Yesterday the Senate followed the House in approving the transfer of terror suspects facing trial from Guantanamo Bay to prisons inside the United States. This bill, which will now go to the White House for signage, makes it much easier for Obama to close the prison camp which has been the subject of international condemnation and controversy. But will this enable the Administration to do so by the self-imposed deadline of one year after taking office?

The current commander at Guantanamo says that he’d only need ten days to carry out that order, according to a piece in the Miami Herald.

Navy Rear Adm.
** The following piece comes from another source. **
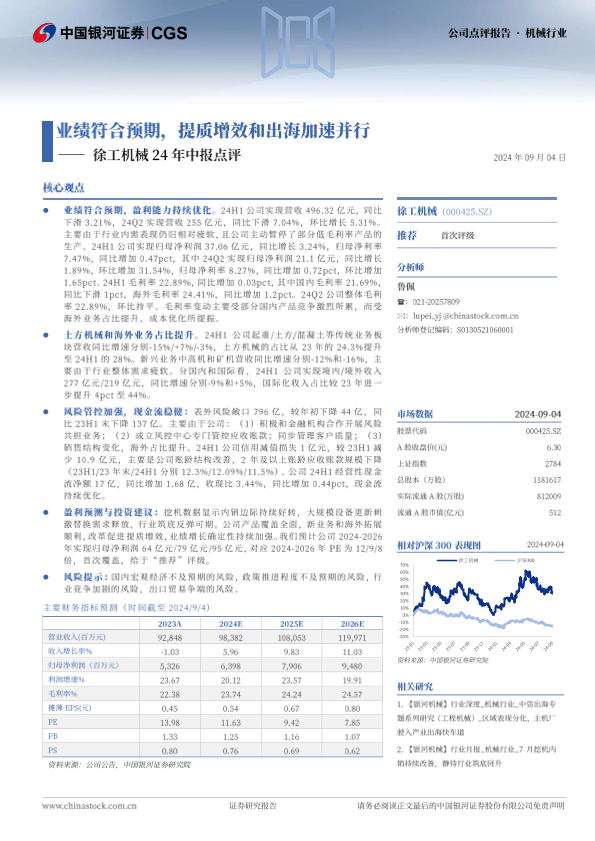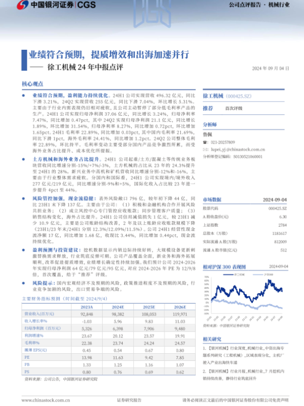 【银河证券】【20240904】徐工机械(000425)24年中报点评:业绩符合预期,提质增效和出海加速并行-17页
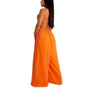 Show more Step into style and comfort with the Bluewolfsea Women's Summer Sexy Halter Backless One Piece Flowy Chiffon Wide Leg Pants Rompers. Crafted from a lightweight blend of polyester and spandex, this romper is not just a piece of clothing but a reflection of summer elegance. The halter neckline highlights your shoulders beautifully, while the backless design adds an enticing twist, making it perfect for those warm, sunny days at the beach or elegant nights out. With its flowy wide-leg pant style, you'll experience freedom of movement whilst looking effortlessly chic. Plus, the inclusion of pockets adds a touch of practicality to your fashionable ensemble. Available in a vibrant orange, this jumpsuit is bound to make you stand out in any crowd.

Tom Copeman told The Miami Herald and Fox News in an interview that his 2,100-member team of guards and other support staff can meet President Barack Obama’s Jan. 22 closure deadline right through the eighth anniversary of the establishment of the controversial prison camps.

“If they say on Jan. 12, ‘Move them out,’ we can meet the deadline,” he said, “given the proper amount of logistical support.”

He ticked off such requirements as enough airplanes to move them elsewhere and ferry runs across the bay that separates the prison camps from the Navy base landing strip where C-17 Globemaster aircraft shuttle the captives away.

Given this endorsement of such a narrow timeline, there’s little standing in the way of the White House from the standpoint of logistics to remove the remaining 221 prisoners from the naval base. It’s only a matter of getting the political backing, which the Congress has now given them.